*WORK TO BE COMPLETED*. Somewhere below is a line with "La Inti Skirt" and, later, a line with "Спортивные награды. У"; repeat those two lines and all the lines between them, exactly as they are.

── RECORDS FOR THIS TASK

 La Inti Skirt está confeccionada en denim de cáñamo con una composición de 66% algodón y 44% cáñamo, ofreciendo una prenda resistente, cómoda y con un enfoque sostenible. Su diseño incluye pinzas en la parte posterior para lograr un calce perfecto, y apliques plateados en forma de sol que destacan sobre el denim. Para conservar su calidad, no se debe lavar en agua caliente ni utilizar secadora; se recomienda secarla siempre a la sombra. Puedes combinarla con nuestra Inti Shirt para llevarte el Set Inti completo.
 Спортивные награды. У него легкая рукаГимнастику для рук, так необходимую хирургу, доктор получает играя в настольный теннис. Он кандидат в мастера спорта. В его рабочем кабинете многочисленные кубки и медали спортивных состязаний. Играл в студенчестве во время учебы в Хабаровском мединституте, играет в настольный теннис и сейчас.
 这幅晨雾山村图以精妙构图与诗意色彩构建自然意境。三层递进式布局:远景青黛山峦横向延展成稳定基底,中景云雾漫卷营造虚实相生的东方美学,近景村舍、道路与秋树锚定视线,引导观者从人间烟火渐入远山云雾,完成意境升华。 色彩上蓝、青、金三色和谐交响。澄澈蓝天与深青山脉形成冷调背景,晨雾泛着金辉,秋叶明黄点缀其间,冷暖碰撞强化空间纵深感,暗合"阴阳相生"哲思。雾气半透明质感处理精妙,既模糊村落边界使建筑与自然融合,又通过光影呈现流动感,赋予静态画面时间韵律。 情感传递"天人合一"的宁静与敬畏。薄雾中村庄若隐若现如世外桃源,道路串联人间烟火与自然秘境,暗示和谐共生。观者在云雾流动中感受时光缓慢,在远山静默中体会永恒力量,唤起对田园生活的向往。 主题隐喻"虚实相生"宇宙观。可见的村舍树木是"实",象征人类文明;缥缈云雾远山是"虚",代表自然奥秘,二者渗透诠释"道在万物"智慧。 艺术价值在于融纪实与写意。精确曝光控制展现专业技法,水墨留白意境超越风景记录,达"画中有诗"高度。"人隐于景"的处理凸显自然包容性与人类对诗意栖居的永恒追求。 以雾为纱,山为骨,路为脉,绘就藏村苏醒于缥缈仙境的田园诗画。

────
── RECORDS FOR THIS TASK

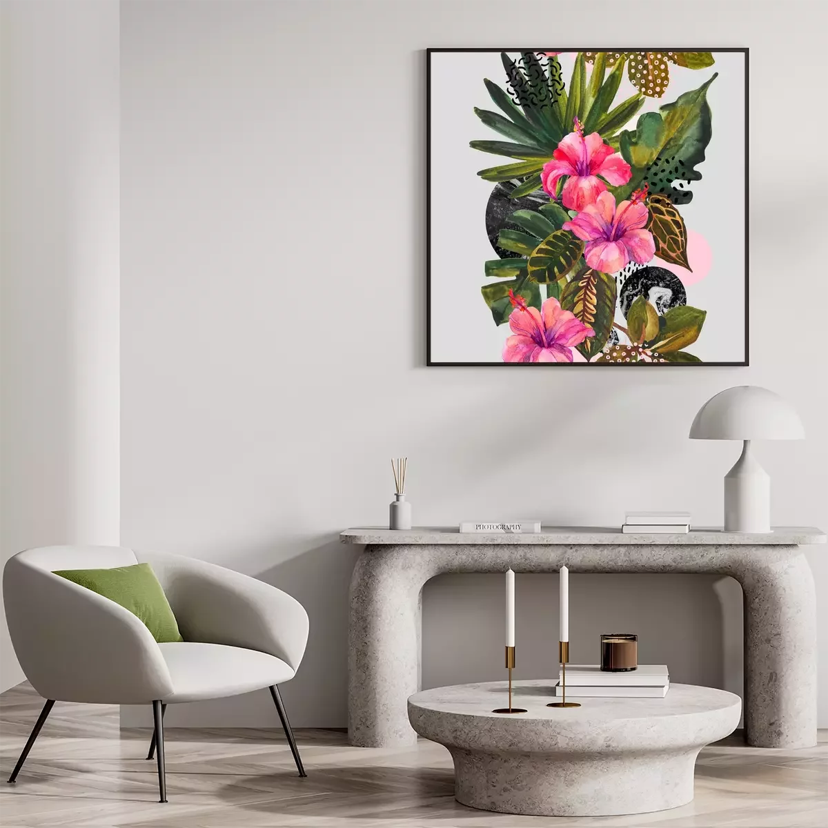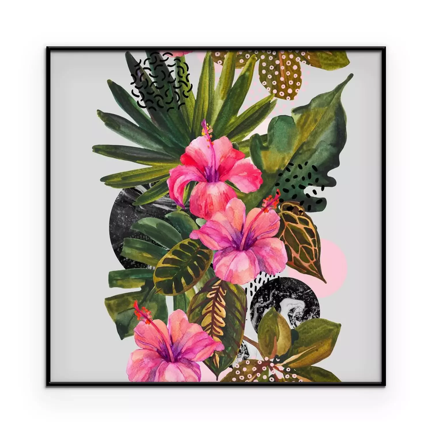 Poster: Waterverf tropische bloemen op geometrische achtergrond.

────

*YOUR SOLUTION*.
 La Inti Skirt está confeccionada en denim de cáñamo con una composición de 66% algodón y 44% cáñamo, ofreciendo una prenda resistente, cómoda y con un enfoque sostenible. Su diseño incluye pinzas en la parte posterior para lograr un calce perfecto, y apliques plateados en forma de sol que destacan sobre el denim. Para conservar su calidad, no se debe lavar en agua caliente ni utilizar secadora; se recomienda secarla siempre a la sombra. Puedes combinarla con nuestra Inti Shirt para llevarte el Set Inti completo.
 Спортивные награды. У него легкая рукаГимнастику для рук, так необходимую хирургу, доктор получает играя в настольный теннис. Он кандидат в мастера спорта. В его рабочем кабинете многочисленные кубки и медали спортивных состязаний. Играл в студенчестве во время учебы в Хабаровском мединституте, играет в настольный теннис и сейчас.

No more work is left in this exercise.